Clinicians identified several potential benefits of a cognitive strengths approach in FEP that aligned with those found in broader strengths approaches These benefits (e.g., self-efficacy) mediate the relationship between cognition and real-world functioning (e.g., social functioning) [16, 27] and directly enhance cognitive performance . Clinicians also believed that a cognitive strengths approach would reduce self-stigmatisation and perceived defectiveness in young people. Both constructs are known to negatively impact functional and personal recovery [29, 30]. Furthermore, developing knowledge of a young person’s cognitive strengths was believed to assist clinicians and young people to navigate functional recovery pathways together. This collaboration toward shared goals is considered essential for strengthening the therapeutic alliance  and reflects the link between self-competence and intrinsic motivation underlying the self-determination theory . Thus, awareness of cognitive strengths could be instrumental in transforming current biomedical-centric approaches towards more functional and personal recovery focused services.
Clinicians were concerned that a cognitive strengths approach could neglect addressing young people’s deficits. Indeed, understanding and treating deficits in FEP is essential to treatment and underpins diagnosis, illness phase, and preventing relapse, and is recommended in national best-practice guidelines [7, 33]. Nevertheless, strengths-based approaches do not seek to dismiss the treatment of deficits but do aim to identify and utilise strengths for therapeutic gain [17, 34]. Some clinicians expressed concern that young people might feel unacknowledged if cognitive strengths were emphasised. This concern is worthy of consideration, as feeling misunderstood by mental health professionals has been identified as a significant source of distress amongst FEP service users . Notwithstanding the need for sensitive management of this concern, reviews of strengths-based approaches have found that FEP consumers do feel acknowledged .

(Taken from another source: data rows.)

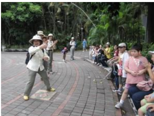
「扭一扭腰，拍拍手啊，眨眨眼睛，振振翅膀！」沒得閒哦！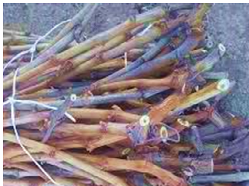
شکل ۵: شاخه‌های درخت تاک مورد استفاده برای ساخت "اولچی"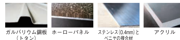
ガルバリウム鋼板 (トタン) ホーローパネル ステンレス (0.4mm) とベニヤの複合材 アクリル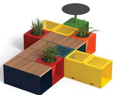
N. 4 CUBIK - W + N. 3 CUBIK - F N. 4 CUBIK - P + N. 1 CUBIK - T

Taking a strengths-based view to cognition was novel for clinicians, although this is not surprising given that the approach has not been previously researched or disseminated [6, 23]. Nevertheless, clinicians’ practical recommendations offer an idea of how to address the concerns during future development and implementation. One key recommendation was to communicate to young people a clear benefit and tangible goal for the assessment or treatment by using scenarios or examples that closely resemble real-world functioning. These suggestions address previously raised concerns that many cognitive assessments bear limited ecological validity in how cognitive performance is used in everyday situations . Furthermore, to alleviate time concerns and the training burden that is common in recovery-focused mental health care , several clinicians suggested that a specialist clinician should implement the cognitive strengths assessment or treatment. However, such a proposal could complicate implementation. Obtaining the perspectives of young people with FEP will be important for determining the most acceptable approach to assessing cognitive strengths.

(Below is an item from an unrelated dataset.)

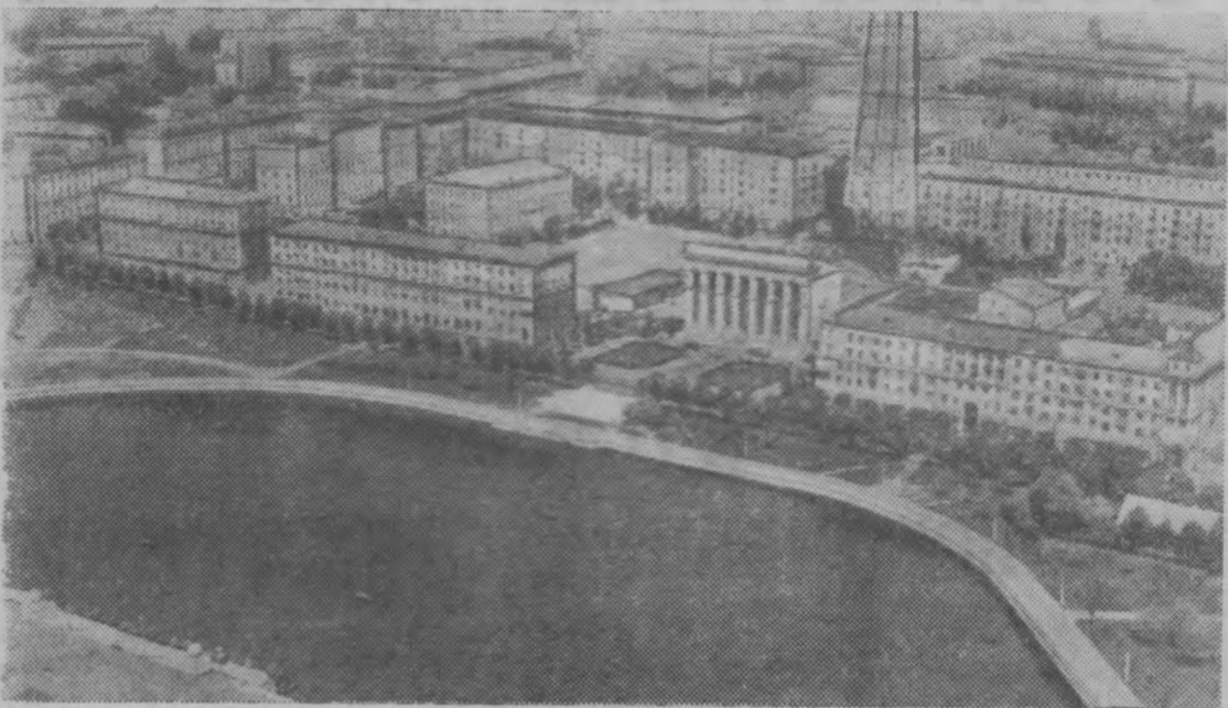
Столица Белоруссии — Минск. Центральная часть города.

В 35 километрах от Себежа — старинного русского города, с трех сторон омываемого озерами, сходятся границы Российской Федерации, Белоруссии и Латвии. Пограничная зона — березовые рощи и хвой-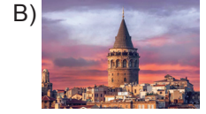
Galata Kulesi, İstanbul

The responses may be susceptible to sampling bias, given that participants were drawn from a single FEP service. Attempts were made to gather a range of perspectives from different clinicians from various backgrounds and years of experience, yet the results may not reflect the experiences of other FEP service contexts. While clinicians who work at EPPIC do not formally practice strengths-based approaches (e.g., positive psychology), many are likely to be aware of the strength and recovery focus that is promoted at an organisational level. Such knowledge may have influenced the opinions of clinicians about the study’s central proposal. This study also considered a cognitive strengths approach at a pre-development stage. Thus, clinicians were unable to provide insight toward a tangible assessment or treatment procedure. Finally, three clinicians in this study (25% of the sample) were previously involved in research exploring cognitive function in young people with FEP. Awareness of cognition in FEP and its impact of functioning, alongside potential challenges associated with other evidence-based treatments (e.g., cognitive remediation), may have contributed to the enthusiasm regarding a cognitive strengths approach.

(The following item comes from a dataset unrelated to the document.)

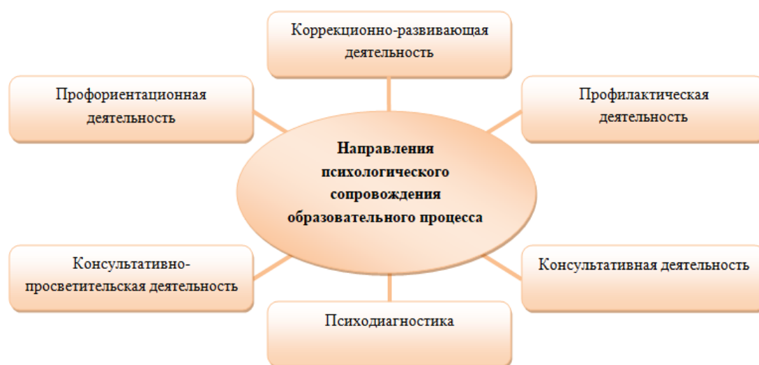
Рис. 2 Направления психологического сопровождения

Направления психологического сопровождения учебно-воспитательного процесса:

The perspectives gathered from clinicians are critical for the future design and implementation of a cognitive strengths-based assessment and treatment. However, future studies will need to establish whether a cognitive strengths approach to addressing cognition in FEP does improve the therapeutic alliance, self-efficacy, and translates to real-world functioning. While this study has provided promising perspectives from clinicians regarding cognitive strengths-based approaches in FEP, consultation with young people with lived experience is essential and must be explored in future research.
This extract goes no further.